Evaluating the association between carriage in different groups of children and IPD in adults
The relationship between carriage prevalence in children and IPD in adults can be difficult to interpret because of indirect protection (Web Figure 1). Nonetheless, carriage prevalence provides the most directly observable measure of vaccine-associated changes in transmission in children. We fitted Poisson regression models where the outcome was the number of IPD cases due to PCV7-targeted serotypes in a particular month and adult age group.
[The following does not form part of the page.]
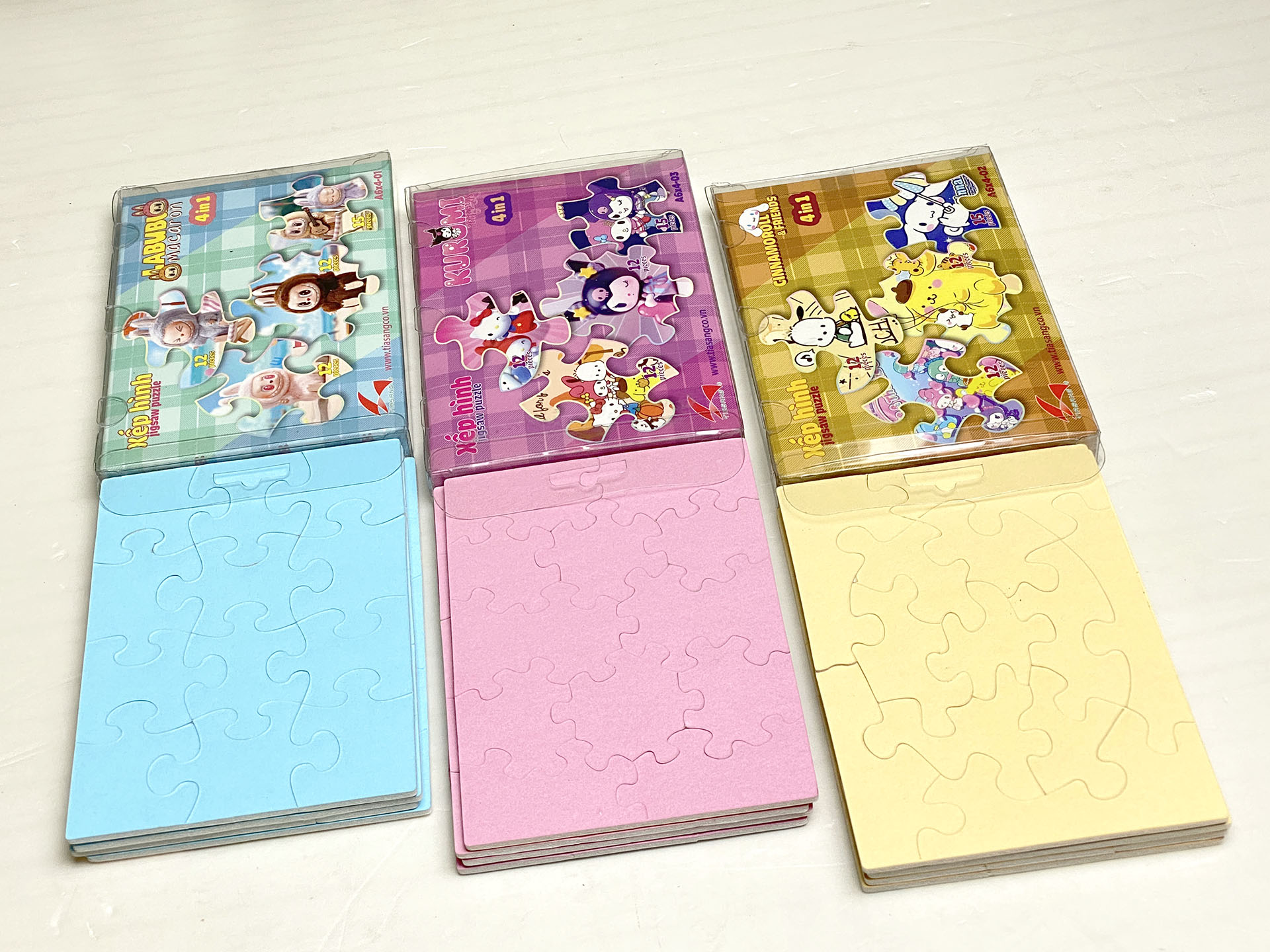 Có 4 tranh xếp hình trong 1 hộp, mỗi tranh có mảnh ghép to, dày, đặc biệt là hình dạng mảnh ghép ngộ nghĩnh và đầy sáng tạo, dễ dàng phân biệt với các tranh còn lại.

The sole covariate was log(carriage prevalence) in a given age group at each time point. Log(carriage prevalence) was smoothed using PROC GAM, as described above. For these analyses, we focused on PCV7 serotypes only (rather than the 6 additional serotypes that were added to PCV13) because there was a brief period of time between the introduction of PCV7 and the introduction of PCV13, which made it difficult to disentangle early serotype replacement from vaccine-associated effects. Since the PCV7 serotypes are present in both vaccines, focusing on these serotypes allowed for more interpretable trajectories.
RESULTS
Description of the population
Nasopharyngeal swabs and vaccine status were obtained from 4,464 Jewish children under 5 years of age who visited the emergency department between 2009 and 2016. Among these children, the prevalence of PCV7 serotypes declined from 21% in 2009 to 2.6% in 2016. These declines were apparent in all age groups of children under 5 years of age, with the most rapid initial declines being observed among children aged 12–23 months and 24–35 months and slower declines being observed among children aged <12 months and 36–59 months (Figure 1, Web Figure 2). The differences in these trajectories between age groups were similar among healthy Jewish children living in central Israel (Web Figure 3). During the same time period, the proportion of IPD cases in adults caused by vaccine-targeted serotypes declined (Figure 2). These declines coincided with a rapid increase in vaccine uptake among children.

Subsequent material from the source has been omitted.